Delta is a state in the South-South geopolitical zone of Nigeria. Named after the Niger Delta—a large part of which is in the state—the state was formed from the former Bendel State, on 27 August 1991. It is bordered on the north by Edo State, the east by Anambra and Rivers states, and the south by Bayelsa State while to the west by Ondo State, and the Bight of Benin which covers about 160 kilometres of the state's coastline. The state was initially created with 12 local government areas in 1991, but was later expanded to 19 and now has 25 local government areas.
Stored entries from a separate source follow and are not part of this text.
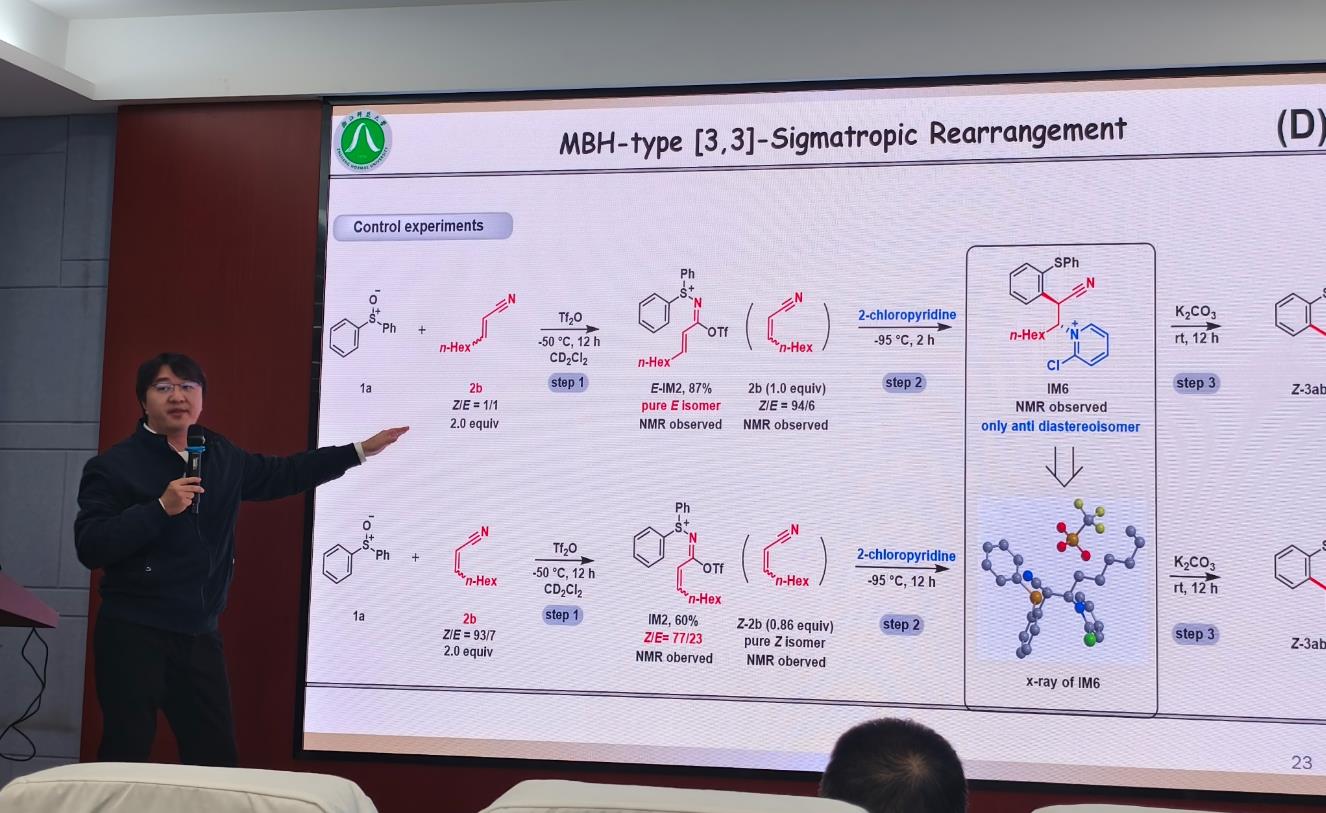 报告中,彭勃教授详细介绍了其团队在芳基亚砜Claisen型重排反应研究领域的新发现,该成果开辟了基于高价碘/硫的重排化学研究方向。借助高价碘/硫所赋予的独特驱动力,通过多步组装和低温重排策略,一系列独特的重排方法和途径得以揭示。相关研究突破了传统重排反应的范畴,为重排反应新模式的探索及其应用场景拓展奠定了重要基础。报告结束后,彭勃教授与在场师生围绕反应机理、应用前景等核心内容,展开了深入交流与探讨。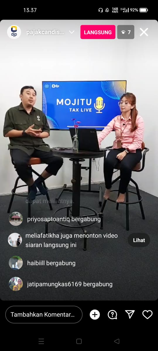 Kegiatan diawali dengan ucapan salam dan sapa kepada para pemirsa live IG dan perkenalan narasumber, yang dilanjutkan dengan dialog tanya jawab mengenai SPT Tahunan Badan.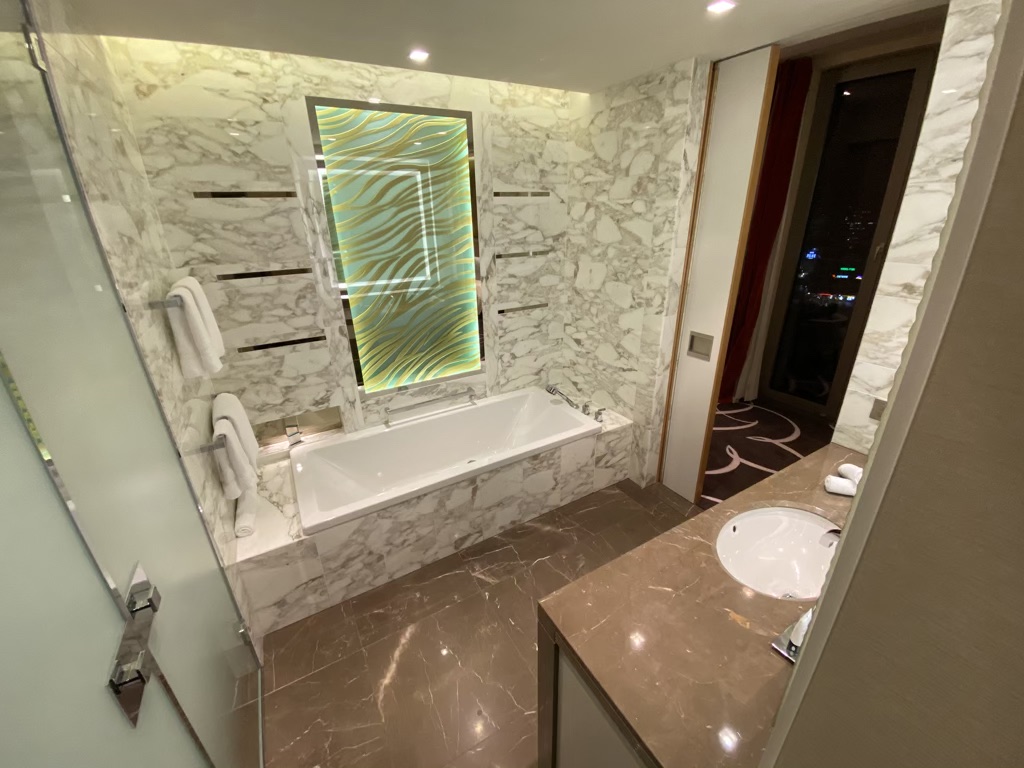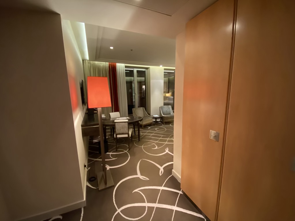 Am Abend unseres Anreisetages, kamen wir gegen 20 Uhr in der Lobby an und wurden freundlich begrüßt. Schnell waren alle Formalitäten erledigt. Als HiltonHonors Diamond Member bekommt man in der Regel ein Upgrade, sofern es die Verfügbarkeit zulässt. In einem Nebensatz erfuhren wir sehr schnell, dass die Auslastung des Hotels aufgrund der Absage bei nur etwa 35% lag. Entsprechend wurde uns ein Upgrade auf eine Suite zugewiesen, allerdings leider ohne View. Eine für uns wirklich eigenartige Upgradepolitik, dass man den Wechsel von einem explizit mit View gebuchten Zimmer auf eine Suite ohne View als „tolles und extrem zuvorkommendes Upgrade“ verkauft.
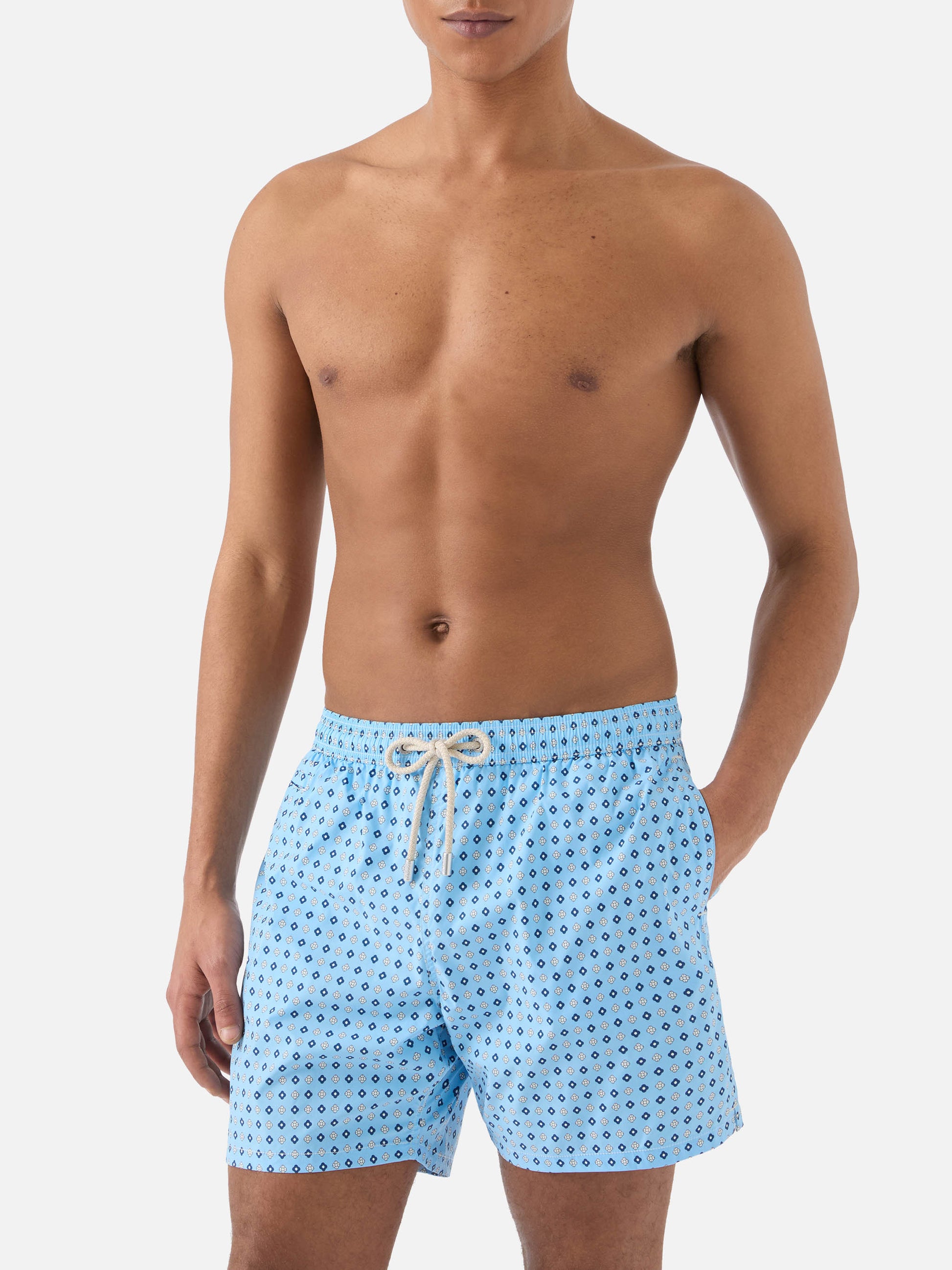 Light blue Lighting Micro swim shorts with all-over geometric print

Its capital city is Asaba which is located along the River Niger on the northeastern end of the state, while the state's economic center is the city of Warri on the southwestern coastline.

Of the 36 states, Delta is the 23rd largest in the area and twelfth most populous with an estimated population of over 7.8 million as of 2024. Geographically, the state is divided between the Central African mangroves in the coastal southwest and the Nigerian lowland forests in most of the rest of the state as a small portion of the Niger Delta swamp forests are in the far south. The other important geographical features are the River Niger and its distributary, the Forçados River, which flow along Delta's eastern and southern borders, respectively; while fellow Niger distributary, the Escravos River, runs through Warri and the coastal areas are riddled with dozens of smaller Niger distributaries that make up much of the western Niger Delta. Much of the state's nature contains threatened dwarf crocodile, Grey parrot, African fish eagle, mona monkey, and African manatee populations along with potentially extirpated populations of African leopard and Nigeria-Cameroon chimpanzee. Offshore, the state is also biodiverse as there are populations of Lesser African threadfin, crabs, and blue mussel along with various cetacean species.

What is now Delta State has been inhabited for years by various ethnic groups, including the Isoko and Urhobo in the centre of the state; Anioma people to the north; and the Ijaw, Itsekiri, and also the Urhobo, in the southwest. In the pre-colonial period, the now-Delta State was divided into various monarchial states like the Kingdom of Warri, Aboh and Agbon Kingdom before the area became a part of the British Oil Rivers Protectorate in 1884. In the early 1900s, the British incorporated the protectorate (now renamed the Niger Coast Protectorate) into the Southern Nigeria Protectorate which later amalgamated into British Nigeria. However, colonial forces did not gain permanent control of modern-day Delta State until the 1910s, due to the uprisings of the Ekumeku Movement. Notably, Delta has one of the few parts of Nigeria to have been under French control as the UK leased the enclave of Forcados to France from 1903 to 1930.

After independence in 1960, the area of now-Delta was a part of the post-independence Western Region until 1963 when the region was split and the area became part of the Mid-Western Region. In 1967, the Eastern Region attempted to secede as the state of Biafra and invaded the Mid-Western Region in an attempt to capture Lagos and end the war quickly; Biafran forces were halted and eventually pushed back but briefly declared the captured Mid-Western Region (including now-Delta State) as the Republic of Benin. Similarly, upon the liberation of the Mid-West, Nigerian forces committed the Asaba massacre against ethnic Igbos in Asaba. At the war's end and the reunification of Nigeria, the Mid-Western Region was reformed until 1976 when it was renamed Bendel State. In 1991, Bendel State was split with the north becoming Edo State and the south becoming Delta State.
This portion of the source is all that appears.